过滤数据集的线性回归

时间:2020-05-19 01:29:38

标签: python pandas numpy matplotlib linear-regression

在最终确定了数据集并能够绘制图形之后,我一直在尝试使用线性回归拟合曲线。我尝试了几种方法,但是都没有给我任何结果,我认为这是由于我的数据已被过滤。这是我的代码:

from matplotlib import pyplot as plt
import numpy as np
from pandas import DataFrame
from sklearn.linear_model import LinearRegression
from matplotlib.pyplot import figure

figure(num=None, figsize=(100, 100), dpi=100, facecolor='w', edgecolor='k')

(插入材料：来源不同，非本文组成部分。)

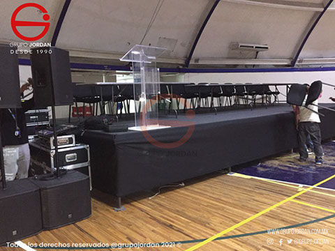 Hemos instalado estrados para conferencias, foros, lanzamiento de productos, escenario para grupos musicales o conferencistas.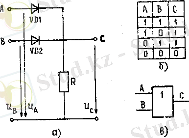 <<НЕМЕСЕ >> элементі C=A+B логикалық қосу амалын орындайды. Бұл С аитымы дұрыс, егер А айтымы дұрыс болса немесе В айтымы дұрыс болса деген ұғымды білдіреді. Бастапқы айтқандай С бар, егерА барболса немесе В бар болса. <<НЕМЕСЕ>> элементін диотардың көмегімен құрған тізбекте шықпалық кернеу кірмелердің біреуіне кемесе екеуіне де кернеу берген жағдайда пайда болады. Тізбектің күй кестесінен көрініп тұрғандай С=1, егер деВ-1 немесе А=1 де В=0 немесе А=0 де В=1, ал С=0 егер А=0 және В=0 болса.

plt.rc('font', size=100)          # controls default text sizes
plt.rc('axes', titlesize=100)     # fontsize of the axes title
plt.rc('axes', labelsize=100)    # fontsize of the x and y labels
plt.rc('xtick', labelsize=30)    # fontsize of the tick labels
plt.rc('ytick', labelsize=60)    # fontsize of the tick labels
plt.rc('legend', fontsize=100)    # legend fontsize
plt.rc('figure', titlesize=100)

plt.xticks(rotation=90)


ds = pd.read_csv("https://covid.ourworldindata.org/data/owid-covid-data.csv")
df = DataFrame(ds, columns = ['date', 'location', 'new_deaths', 'total_deaths'])

df = df.replace(np.nan, 0)

US = df.loc[df['location'] == 'United States']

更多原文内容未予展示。